American Bitcoin disclosed a $59.45 million net loss for its fourth quarter, representing a dramatic turnaround from the $3.48 million in earnings posted during the identical timeframe twelve months earlier.

The firm had achieved profitability in the third quarter as well, amplifying the significance of the Q4 downturn.

Bitcoin’s valuation served as the primary catalyst. The digital asset declined approximately 23% throughout the three-month window concluding on December 31, 2025.


ABTC Stock Card
American Bitcoin Corp, ABTC

Revised FASB accounting standards mandate that corporations value cryptocurrency holdings at current market rates. This regulatory modification compelled American Bitcoin to register a $227 million non-cash impairment directly linked to bitcoin’s price depreciation.

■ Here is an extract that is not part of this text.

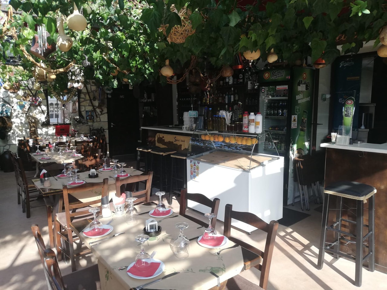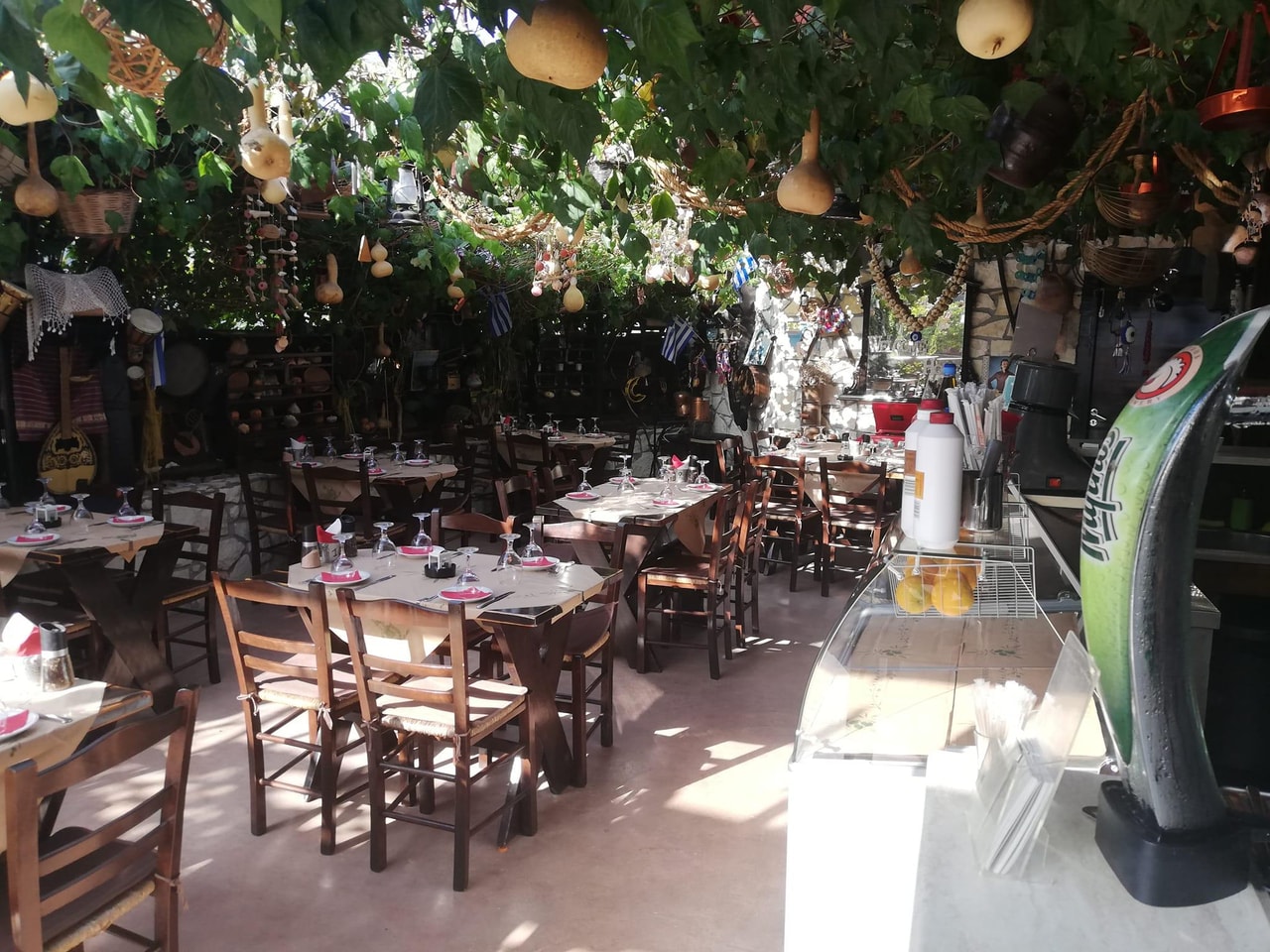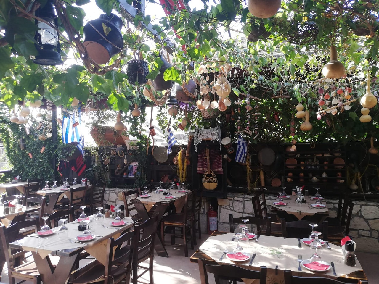 The taverna often hosts live music, and the atmosphere is always electrifying! The space is beautifully maintained, with greenery provided by climbing plants on the roof, charming lighting, and a nostalgic vibe.

Quarterly revenue totaled $78.3 million, climbing from $64.2 million in the year-ago quarter. Wall Street projections had anticipated $79.6 million, placing actual results slightly below expectations.

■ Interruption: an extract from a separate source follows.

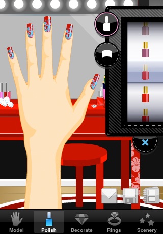 Nail salon is a great app! Wonderful!!! I love it! Its fun, and I can save my designs without filling up my photos. The reason I gave it 4 stars is because it has a bug that keeps me from viewing what Ive saved. I was disappointed that no update came to fix it. Now that I have commented, I fully expect an update.

Across the entire fiscal year, the organization delivered $185.2 million in total revenue.

Profitability in Mining Operations Maintained

Despite bitcoin‘s price weakness, the firm’s mining segment remained in positive territory. It produced bitcoin with a 53% gross profit margin throughout the quarter, indicating that extraction costs remained significantly beneath prevailing market rates.

Approximately one-third of its existing bitcoin portfolio originated from mining activities. The remaining two-thirds were obtained through direct market acquisitions and strategic business arrangements.

The organization depends substantially on infrastructure supplied by Hut 8 (HUT), its controlling shareholder, to operate large-scale mining facilities.

Equity Financing and Digital Asset Reserves

American Bitcoin secured $150.5 million via an at-the-market stock sale during the fourth quarter. Those proceeds were deployed to accumulate additional bitcoin, elevating the per-share BTC position by roughly 50%.

The firm’s current holdings surpass 6,000 BTC, advancing from 5,401 at year-end 2025. Eric Trump validated the revised holdings figures in a public statement.

Eric Trump and Donald Trump Jr. collectively control 20% of the enterprise. Donald Trump appears on the shareholder registry as well.

ABTC completed its public listing in September 2025, less than 30 days before bitcoin reached an all-time peak.

Shares have plummeted nearly 90% from their approximate $9 peak observed last year. Throughout the trailing twelve-month period, the stock has depreciated roughly 22%.

During pre-market activity on earnings day, ABTC shares climbed 3.8% to $1.09.

Hut 8, the controlling stakeholder, published its own fourth-quarter results one day prior. Its shares declined 7% following the announcement, while competitors MARA Holdings (MARA) and Riot Platforms (RIOT) registered gains.

Hut 8 concluded 2025 with an 8,500 MW development queue and finalized a fresh $200 million revolving credit arrangement, expanding aggregate credit availability to $400 million.